And here I thought New York was still all about the old school. Turns out that I heard what’s his name moaning”this is how you remind me” about a million times – hey, I can get that stuff in the backwoods, Deliverance-style of Pittsburgh; where’s all the fresh jams?


And what the hell is this”H to the izzo” stuff all about? Is it anything like a Snoop Dogg snippet I heard a while back:”You can’t [edit] with Death Rizzo?”


DeathRizzo: <—Gangsta rappa.


Although, in fairness, I did hear Linkin Park’s”In The End” two or three bazillion times.


From The Residence Inn to The Days Inn to Howard Johnson’s, I’ve stolen, er -“liberated” – enough soap and complimentary sugar packets to outfit an entire PTQ. Now I have sugar for your coffee, mints to eliminate your nasty coffee breath, and tiny bars of soap for your general hygienic needs.


I’m like the Swiss Army Knife of Magic.


Overheard at a future PTQ:


“Anyone have an Ace bandage?”


Ask DeathRizzo.


“No one ever has a map of Ancient Greece when you need one!”


Ask DeathRizzo.


“All right, who’s got a curling iron?”


You get the picture.


At Aaron’s going-away party, Dan Silberman turned to me out of the blue said”You should write a novel.” I’m still reeling from the sheer absurdity of that statement. And not”absurd” as in”loony,” I mean absurd as in”Waiting for Godot,””Zoo Story,” and”The Dumb Waiter.” That kind of absurd. And hey, I’m going to Maine, home of Stephen King – king of the absurd if there ever was one. And he plays Magic, too.


Okay, he doesn’t… But I could’ve let it go and you might have believed me.


When I and the wifey and the kidsies arrived at the Hojo’s in Maine, we figured we’d live it up. After all, we brought a pocketful of money for the trip – the tolls, ya know. Livin’ it up equated to ordering room service from…


“Hey, honey, we done sold the house and got all this money now – what d’ya’ say we live like them rich people do on those TV shows you watch?”


“You mean like a nice five-star place?”


“Hells yes… Friendly’s!”


I am such white trash. Why Jerry Springer hasn’t asked me on yet is a question for the ages.


Aaron and The Bag also noted that I could fill the role of The Andy Rooney of Magic quite well. Picture Andy’s big ol’ melon staring at you from 20/20 or Nightline or whatever show he’s on and saying:”Y’ever notice how annoying Net Decks are?”

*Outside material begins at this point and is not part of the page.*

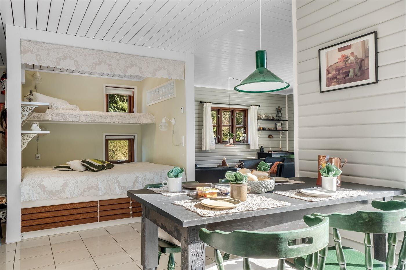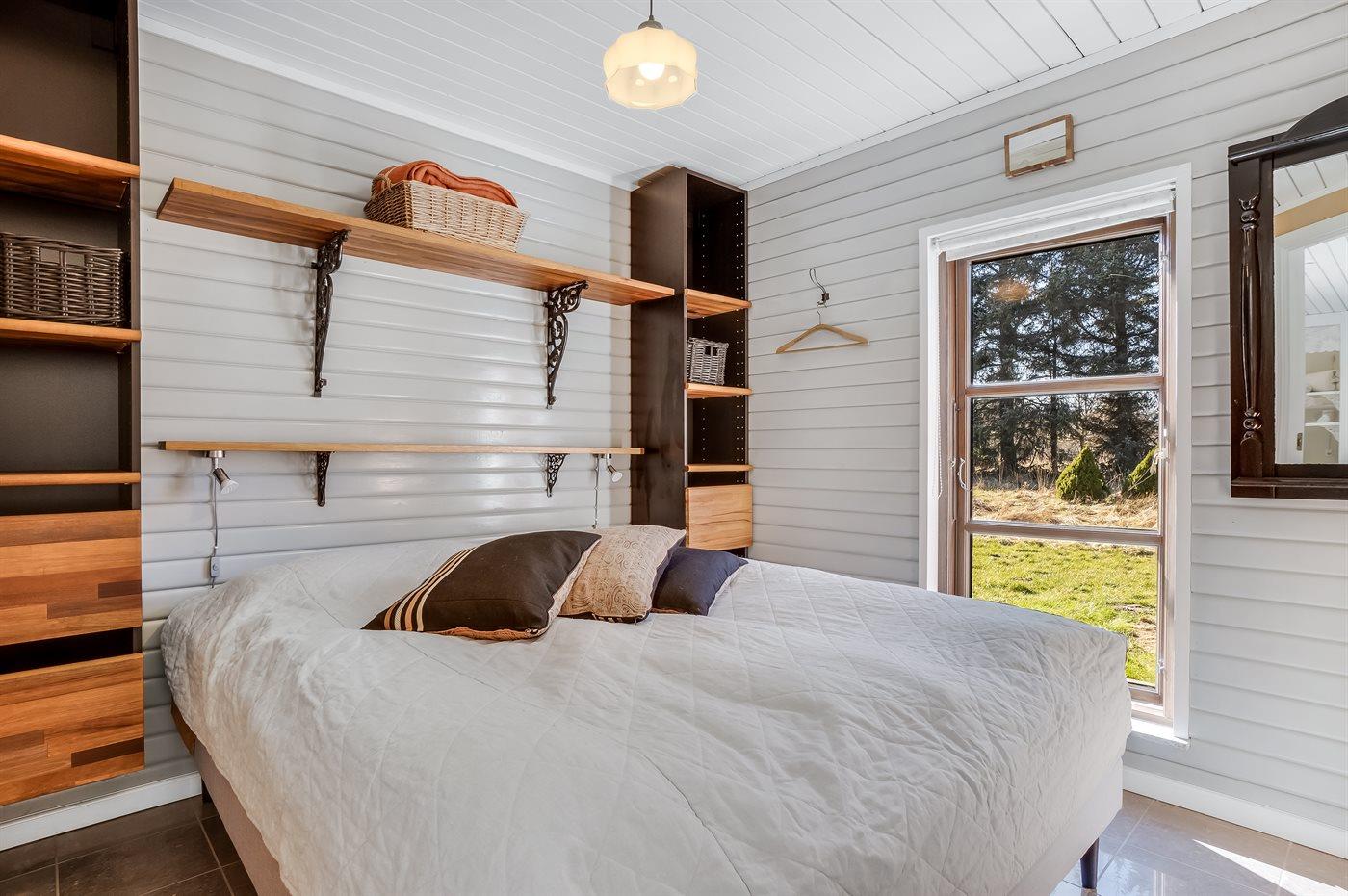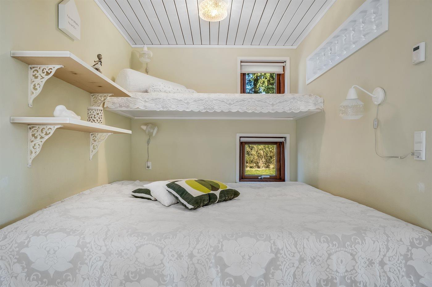Der er i alt 2 soveværelser. Sovepladserne fordeler sig på: 2 sovepladser i dobbeltseng. 2 sovepladser i enkeltsenge. 2 sovepladser i alkove. Derudover er der 1 stk. barneseng.

Nah, I don’t have as much ear hair as Andy. And I’ve yet to achieve the ultimate fashion accessory like our man Uncle A – the unibrow. But I’m trying.


Oh, and all of the rooms have had cable – thus, it’s clicker heaven all up in here.


Hey, let’s watch”Jaws,””The Faculty,” and”Crocodile Dundee” at the same time!


If I was ever in danger of falling off the anti-TV wagon, three nights in hotel rooms with cable put my ass right back on.


After all, I’m the 40th best Limited player in Maine.


But the next event I’ll be able to attend is States, which is definitely not Limited, which may or may not mean that I’ll be able to sit on said Limited rating until the next round of byes for the next Grand Prix are tabulated – and I’ll still be well over a hundred points from getting even one measly bye.


Guess I’ll just have to win States, just like everyone at CMU told me I should. Except Aaron, of course, who is bound by some Omerta-like code on silence now that he works for Wizards. Ergo:


“Hey, Erin Brockovich, d’ya think there will be lots of Finkels at States?”


No comment.


“Yo, Eron the Relentless, is Crypt Keeper better than Cremate?”


No comment.


WIZARDS IS THE DEVIL!


I’m sure he would’ve told me to play Rebels, though, since it worked for Turian so well last year.


White Weenie is still a front runner, but from up in where comes a Nate Heiss/Mike Flores deck for consideration. Yes, it kills White Weenie dead, which is times that are good for small and unimportant Caucasians, and it also doesn’t mind seeing cards that say”counter target whatever you do.”


All I can say at this juncture (which involved playing against the deck a total of one time and goldfishing it a total of six or seven times) is that is uses… Drumroll please…


Millikin.


Shocker, huh?


No, it doesn’t use Shocker, it uses Millikin, Sorry for the confusion.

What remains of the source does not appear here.